Dawson’s Creek and Rubi

I can’t help but harp about the historical importance of Dawson’s Creek’s unintended magical realism, because my dad used to watch that hugely popular show. Both the classic show and Young Americans do not need a sequel either for both legal and budget reasons. However, indirect and mostly seemingly unrelated prequels are probably going to be better than a sequel to both as a result. 

Strangely enough, the best candidate for a Dawson’s Creek prequel is a future anglophone adaptation of a popular Mexican comic book classic named Rubi, about a hellishly beautiful woman prowling her way through the urban jungle.  

I may not have read the Rubi comic books yet, but there are at least two comic book versions of Rubi, one from the 1960s which spawned both a campy telenovela and a movie, and another one from the early 1980s which remains better known for a slick telenovela and comic combo, a rather adult Teleserye drama, two 2010s comic retellings and a rather gross time travelling telenovela. 
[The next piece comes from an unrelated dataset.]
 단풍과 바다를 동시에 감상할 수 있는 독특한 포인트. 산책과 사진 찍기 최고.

However, even though all of them have a lot of obvious cultural values dissonances, the time travelling telenovela, even with its own less sociopathic Rubi (like in the 1968 telenovela and 1970 movie), remains too heavily stripped of every other version’s advantages, to the point of becoming just a rather bad show in name only. The rest remain a lot better received despite such values dissonances, which explains why the Rubí franchise remains entertaining to this day. 
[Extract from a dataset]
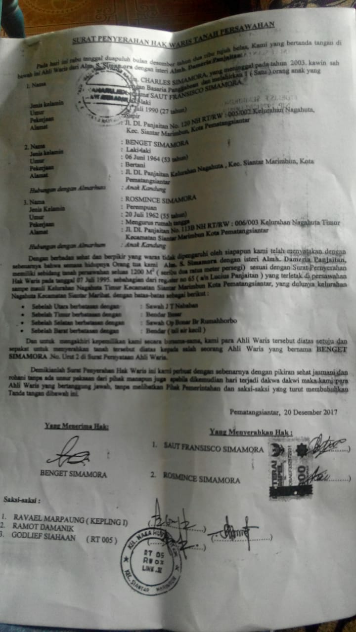 Surat Penyerahan Hak Waris Tanah Persawahan dan Pernyataan Ahli Waris Telah Dipalsukan Tanda Tangan ~ Duta Nusantara Merdeka

The plot of the darkly comedic anglophone Rubi will be set in what turns out to be America in the 1910s-50s. In that version, Rubi Nagare grows from a cute ass baby to a sociopathic adult on par with Ryōma Nagare from much of the Getter Robo series. In fairness, she is also meant to be a lot more like his partner Hayato Jin rather than himself in terms of bad behaviour.
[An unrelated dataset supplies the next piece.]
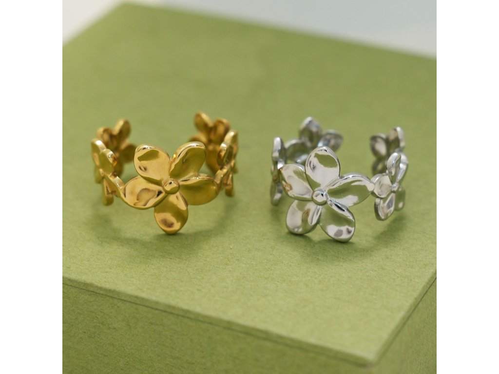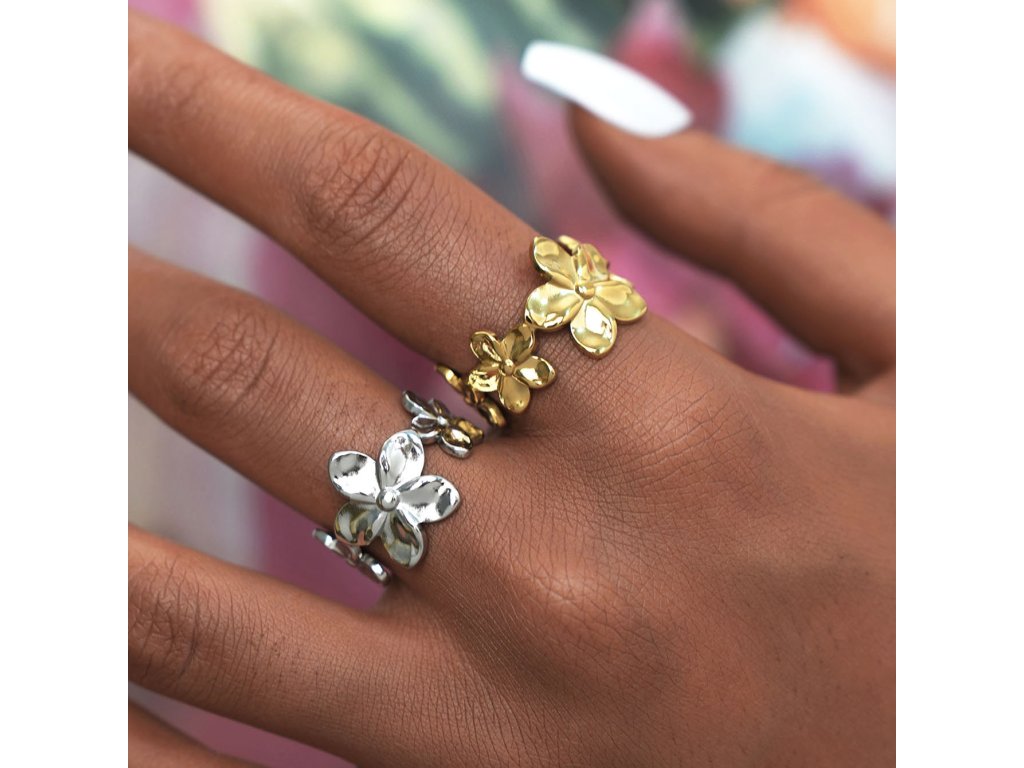 - Výrazný prsten s motivem květin na ruce krásně vynikne.

She was born from an equally ruthless brothel madam spy (a polyamorous bisexual like her daughter!) trying to survive a history of insanely horrible partners, as well as having figurative incest with both of her sisters and will always brothel out everybody in the process as much as possible. She and her fellow orphaned sisters live in a slum and then will be unalive as middle aged adults after becoming particularly nasty femme fatales themselves. 

An American adaptation to the Rubi comic series is seriously going to have a lot of smutty black comedy potential for all it’s worth.